* WORK TO BE COMPLETED *
Reproduce each record below in full, word for word, without images.

Extracted data entries:
=-=-=-=-=

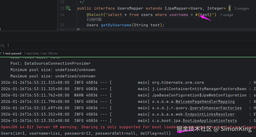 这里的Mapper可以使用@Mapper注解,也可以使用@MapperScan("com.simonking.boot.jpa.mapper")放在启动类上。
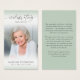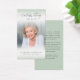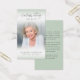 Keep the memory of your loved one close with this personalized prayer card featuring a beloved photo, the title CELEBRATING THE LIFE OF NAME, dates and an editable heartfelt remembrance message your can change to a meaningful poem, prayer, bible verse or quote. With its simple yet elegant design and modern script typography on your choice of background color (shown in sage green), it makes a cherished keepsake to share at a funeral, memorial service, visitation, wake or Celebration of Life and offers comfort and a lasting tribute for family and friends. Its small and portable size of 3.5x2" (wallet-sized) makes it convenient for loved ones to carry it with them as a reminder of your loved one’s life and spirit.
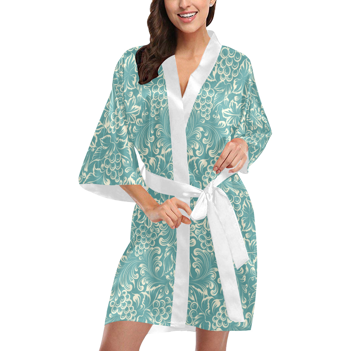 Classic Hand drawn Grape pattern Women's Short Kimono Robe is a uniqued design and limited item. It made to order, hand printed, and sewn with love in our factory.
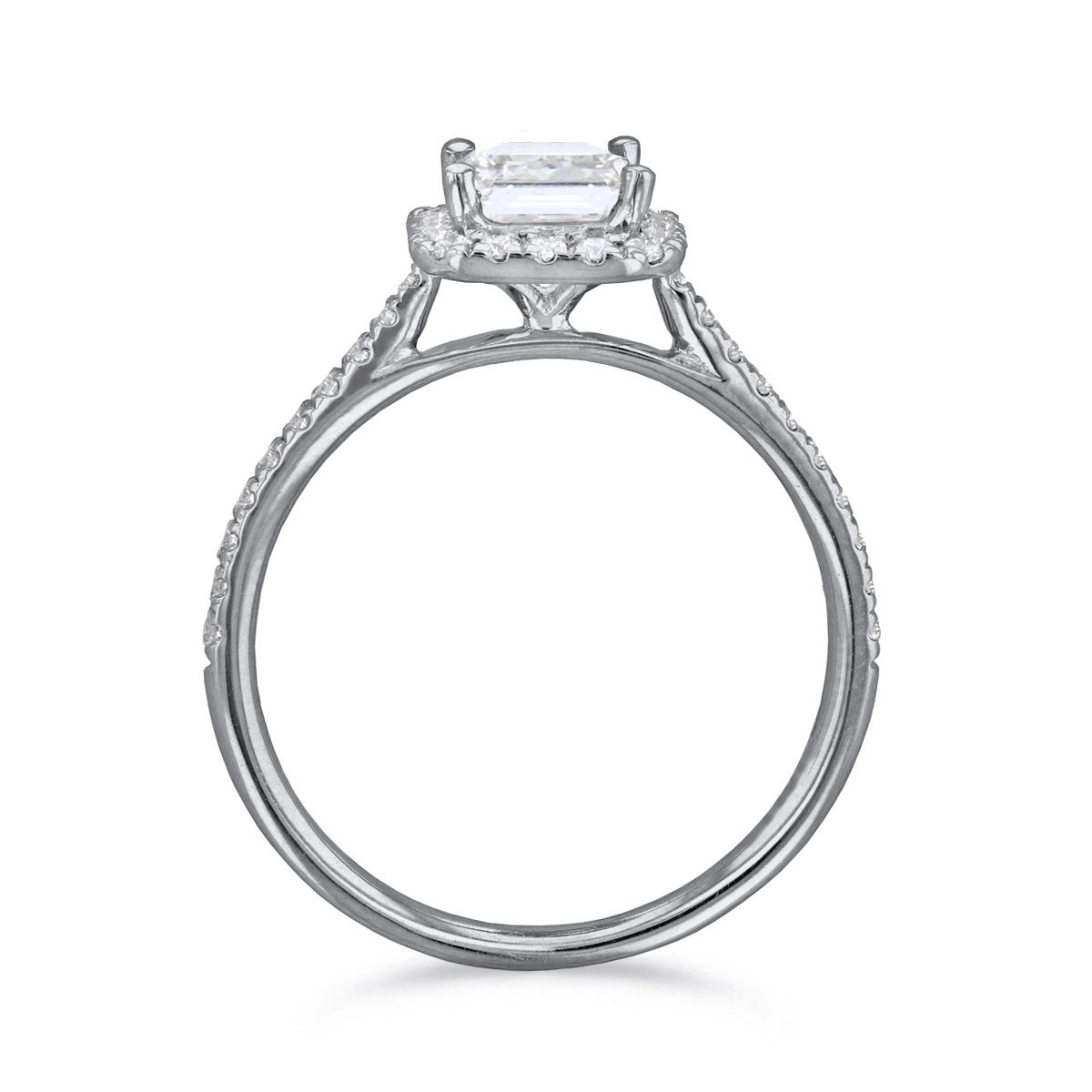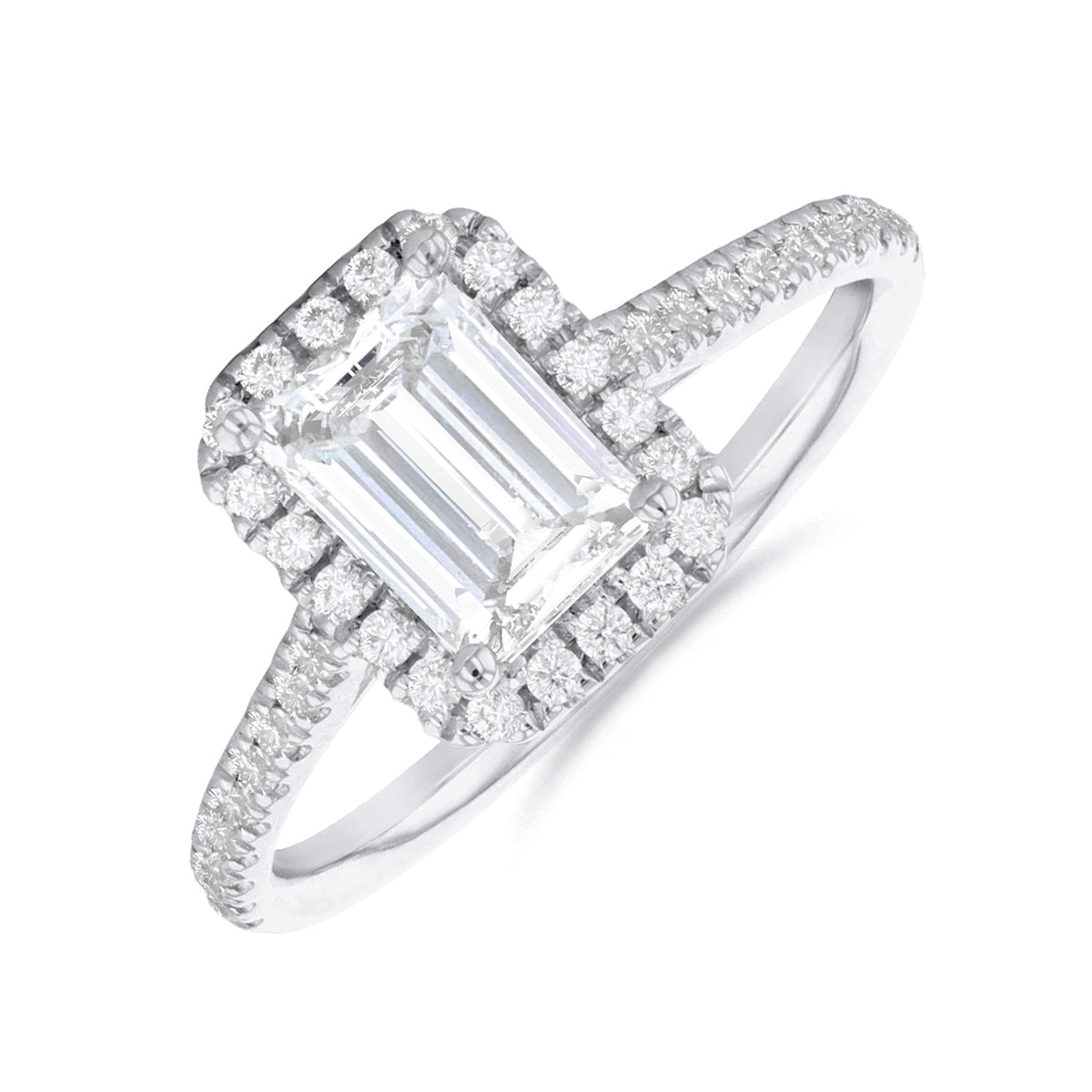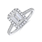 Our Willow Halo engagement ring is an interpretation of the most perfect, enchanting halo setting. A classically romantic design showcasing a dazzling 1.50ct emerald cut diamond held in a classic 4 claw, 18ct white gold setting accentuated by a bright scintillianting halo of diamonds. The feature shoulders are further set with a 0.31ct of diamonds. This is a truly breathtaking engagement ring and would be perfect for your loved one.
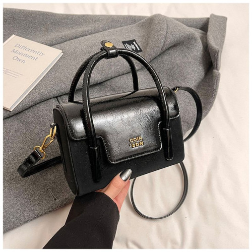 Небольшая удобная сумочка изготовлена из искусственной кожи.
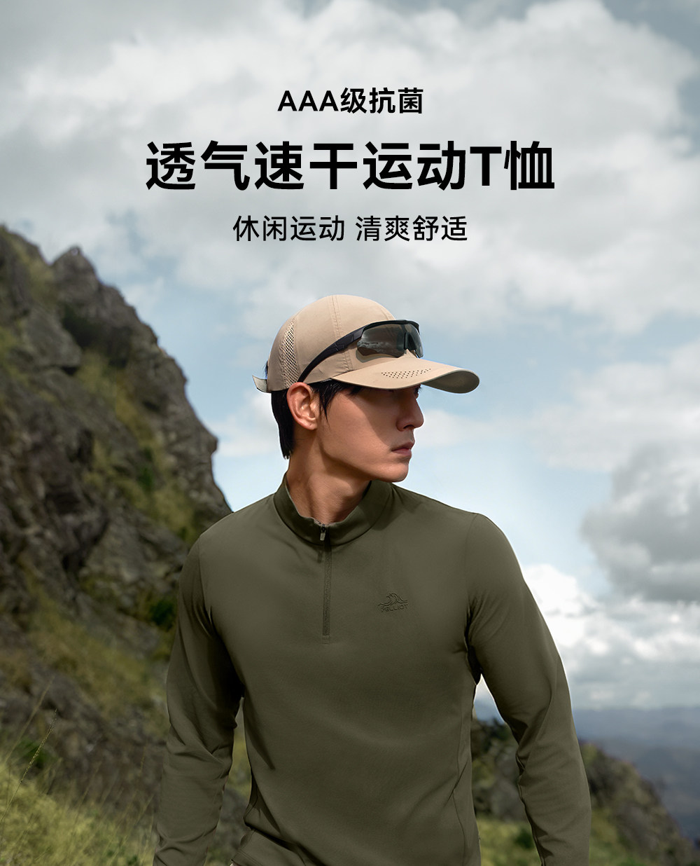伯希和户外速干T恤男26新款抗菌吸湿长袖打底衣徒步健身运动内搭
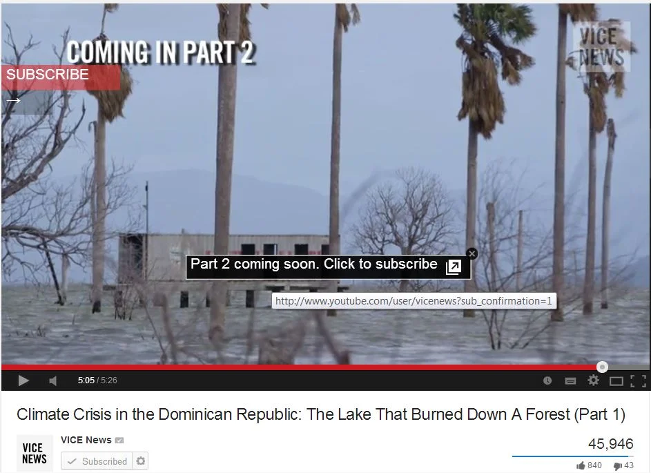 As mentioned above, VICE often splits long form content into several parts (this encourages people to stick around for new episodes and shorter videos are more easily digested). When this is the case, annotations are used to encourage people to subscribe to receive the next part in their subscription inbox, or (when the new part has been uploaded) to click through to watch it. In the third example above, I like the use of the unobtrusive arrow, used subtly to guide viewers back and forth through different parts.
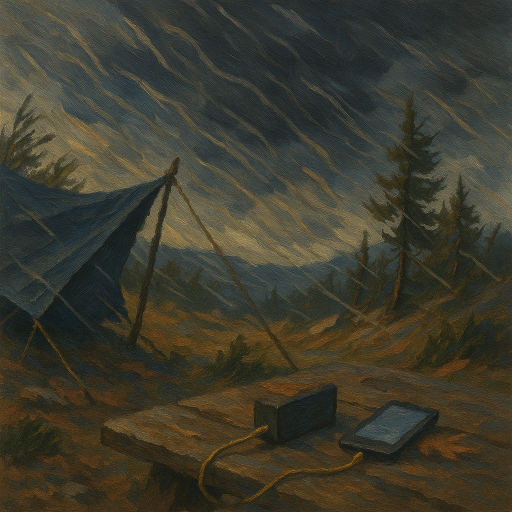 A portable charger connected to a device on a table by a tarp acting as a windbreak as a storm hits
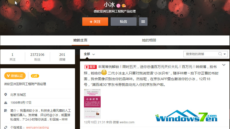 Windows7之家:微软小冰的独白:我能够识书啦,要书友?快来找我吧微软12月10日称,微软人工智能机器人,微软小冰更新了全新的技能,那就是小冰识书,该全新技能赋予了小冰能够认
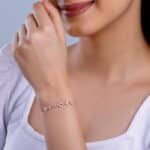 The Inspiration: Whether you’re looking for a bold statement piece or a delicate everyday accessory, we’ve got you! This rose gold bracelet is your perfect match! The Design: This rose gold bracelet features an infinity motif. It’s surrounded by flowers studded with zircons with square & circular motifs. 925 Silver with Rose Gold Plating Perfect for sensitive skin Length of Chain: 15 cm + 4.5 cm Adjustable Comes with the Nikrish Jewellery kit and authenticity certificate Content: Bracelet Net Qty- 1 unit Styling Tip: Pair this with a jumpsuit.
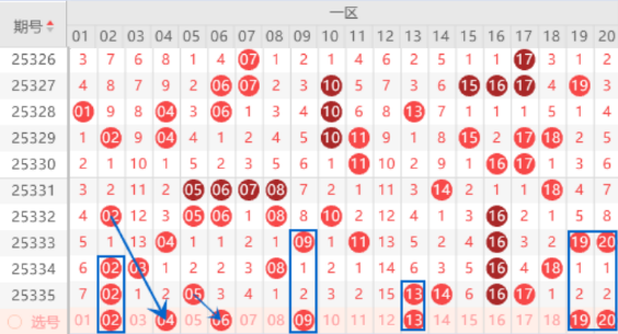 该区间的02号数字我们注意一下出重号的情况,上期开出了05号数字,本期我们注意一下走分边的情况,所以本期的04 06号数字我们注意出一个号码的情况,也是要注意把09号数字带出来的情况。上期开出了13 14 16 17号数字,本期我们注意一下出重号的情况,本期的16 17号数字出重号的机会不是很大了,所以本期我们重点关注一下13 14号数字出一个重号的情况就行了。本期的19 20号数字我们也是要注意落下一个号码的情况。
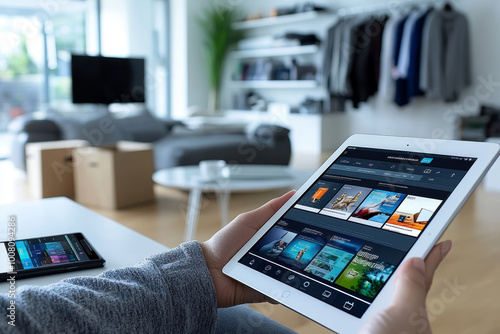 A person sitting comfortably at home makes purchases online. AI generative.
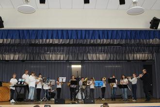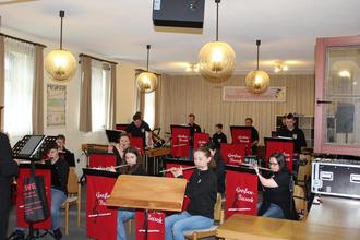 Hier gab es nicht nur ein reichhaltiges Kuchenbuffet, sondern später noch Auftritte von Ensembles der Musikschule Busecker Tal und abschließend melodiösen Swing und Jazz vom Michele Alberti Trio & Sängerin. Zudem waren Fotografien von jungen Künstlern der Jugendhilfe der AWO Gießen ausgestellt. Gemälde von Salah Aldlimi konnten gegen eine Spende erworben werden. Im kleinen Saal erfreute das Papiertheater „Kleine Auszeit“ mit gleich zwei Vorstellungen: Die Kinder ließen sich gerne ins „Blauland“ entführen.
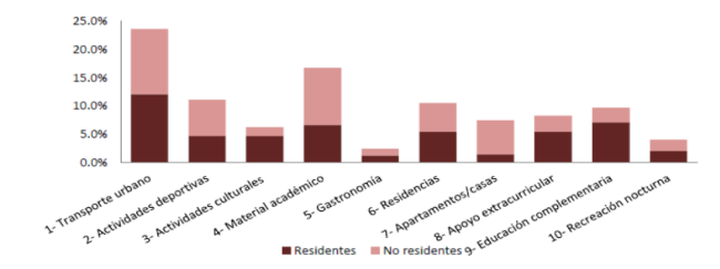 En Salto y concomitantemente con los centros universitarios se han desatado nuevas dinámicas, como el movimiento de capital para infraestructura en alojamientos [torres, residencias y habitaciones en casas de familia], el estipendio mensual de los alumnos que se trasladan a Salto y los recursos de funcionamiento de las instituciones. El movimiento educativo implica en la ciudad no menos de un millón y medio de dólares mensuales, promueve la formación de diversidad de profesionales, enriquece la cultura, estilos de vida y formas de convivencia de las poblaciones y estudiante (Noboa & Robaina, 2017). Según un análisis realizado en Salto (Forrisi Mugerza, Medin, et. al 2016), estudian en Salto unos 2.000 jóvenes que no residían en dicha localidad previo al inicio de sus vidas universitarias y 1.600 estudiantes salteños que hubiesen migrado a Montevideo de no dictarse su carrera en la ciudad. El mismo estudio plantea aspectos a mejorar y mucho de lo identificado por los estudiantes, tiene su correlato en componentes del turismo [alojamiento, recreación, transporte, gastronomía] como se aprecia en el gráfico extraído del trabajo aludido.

=-=-=-=-=

* TASK RESPONSE *
 这里的Mapper可以使用@Mapper注解,也可以使用@MapperScan("com.simonking.boot.jpa.mapper")放在启动类上。
 Keep the memory of your loved one close with this personalized prayer card featuring a beloved photo, the title CELEBRATING THE LIFE OF NAME, dates and an editable heartfelt remembrance message your can change to a meaningful poem, prayer, bible verse or quote. With its simple yet elegant design and modern script typography on your choice of background color (shown in sage green), it makes a cherished keepsake to share at a funeral, memorial service, visitation, wake or Celebration of Life and offers comfort and a lasting tribute for family and friends. Its small and portable size of 3.5x2" (wallet-sized) makes it convenient for loved ones to carry it with them as a reminder of your loved one’s life and spirit.
 Classic Hand drawn Grape pattern Women's Short Kimono Robe is a uniqued design and limited item. It made to order, hand printed, and sewn with love in our factory.
 Our Willow Halo engagement ring is an interpretation of the most perfect, enchanting halo setting. A classically romantic design showcasing a dazzling 1.50ct emerald cut diamond held in a classic 4 claw, 18ct white gold setting accentuated by a bright scintillianting halo of diamonds. The feature shoulders are further set with a 0.31ct of diamonds. This is a truly breathtaking engagement ring and would be perfect for your loved one.
 Небольшая удобная сумочка изготовлена из искусственной кожи.
伯希和户外速干T恤男26新款抗菌吸湿长袖打底衣徒步健身运动内搭
 As mentioned above, VICE often splits long form content into several parts (this encourages people to stick around for new episodes and shorter videos are more easily digested). When this is the case, annotations are used to encourage people to subscribe to receive the next part in their subscription inbox, or (when the new part has been uploaded) to click through to watch it. In the third example above, I like the use of the unobtrusive arrow, used subtly to guide viewers back and forth through different parts.
 A portable charger connected to a device on a table by a tarp acting as a windbreak as a storm hits
 Windows7之家:微软小冰的独白:我能够识书啦,要书友?快来找我吧微软12月10日称,微软人工智能机器人,微软小冰更新了全新的技能,那就是小冰识书,该全新技能赋予了小冰能够认
 The Inspiration: Whether you’re looking for a bold statement piece or a delicate everyday accessory, we’ve got you! This rose gold bracelet is your perfect match! The Design: This rose gold bracelet features an infinity motif. It’s surrounded by flowers studded with zircons with square & circular motifs. 925 Silver with Rose Gold Plating Perfect for sensitive skin Length of Chain: 15 cm + 4.5 cm Adjustable Comes with the Nikrish Jewellery kit and authenticity certificate Content: Bracelet Net Qty- 1 unit Styling Tip: Pair this with a jumpsuit.
 该区间的02号数字我们注意一下出重号的情况,上期开出了05号数字,本期我们注意一下走分边的情况,所以本期的04 06号数字我们注意出一个号码的情况,也是要注意把09号数字带出来的情况。上期开出了13 14 16 17号数字,本期我们注意一下出重号的情况,本期的16 17号数字出重号的机会不是很大了,所以本期我们重点关注一下13 14号数字出一个重号的情况就行了。本期的19 20号数字我们也是要注意落下一个号码的情况。
 A person sitting comfortably at home makes purchases online. AI generative.
 Hier gab es nicht nur ein reichhaltiges Kuchenbuffet, sondern später noch Auftritte von Ensembles der Musikschule Busecker Tal und abschließend melodiösen Swing und Jazz vom Michele Alberti Trio & Sängerin. Zudem waren Fotografien von jungen Künstlern der Jugendhilfe der AWO Gießen ausgestellt. Gemälde von Salah Aldlimi konnten gegen eine Spende erworben werden. Im kleinen Saal erfreute das Papiertheater „Kleine Auszeit“ mit gleich zwei Vorstellungen: Die Kinder ließen sich gerne ins „Blauland“ entführen.
 En Salto y concomitantemente con los centros universitarios se han desatado nuevas dinámicas, como el movimiento de capital para infraestructura en alojamientos [torres, residencias y habitaciones en casas de familia], el estipendio mensual de los alumnos que se trasladan a Salto y los recursos de funcionamiento de las instituciones. El movimiento educativo implica en la ciudad no menos de un millón y medio de dólares mensuales, promueve la formación de diversidad de profesionales, enriquece la cultura, estilos de vida y formas de convivencia de las poblaciones y estudiante (Noboa & Robaina, 2017). Según un análisis realizado en Salto (Forrisi Mugerza, Medin, et. al 2016), estudian en Salto unos 2.000 jóvenes que no residían en dicha localidad previo al inicio de sus vidas universitarias y 1.600 estudiantes salteños que hubiesen migrado a Montevideo de no dictarse su carrera en la ciudad. El mismo estudio plantea aspectos a mejorar y mucho de lo identificado por los estudiantes, tiene su correlato en componentes del turismo [alojamiento, recreación, transporte, gastronomía] como se aprecia en el gráfico extraído del trabajo aludido.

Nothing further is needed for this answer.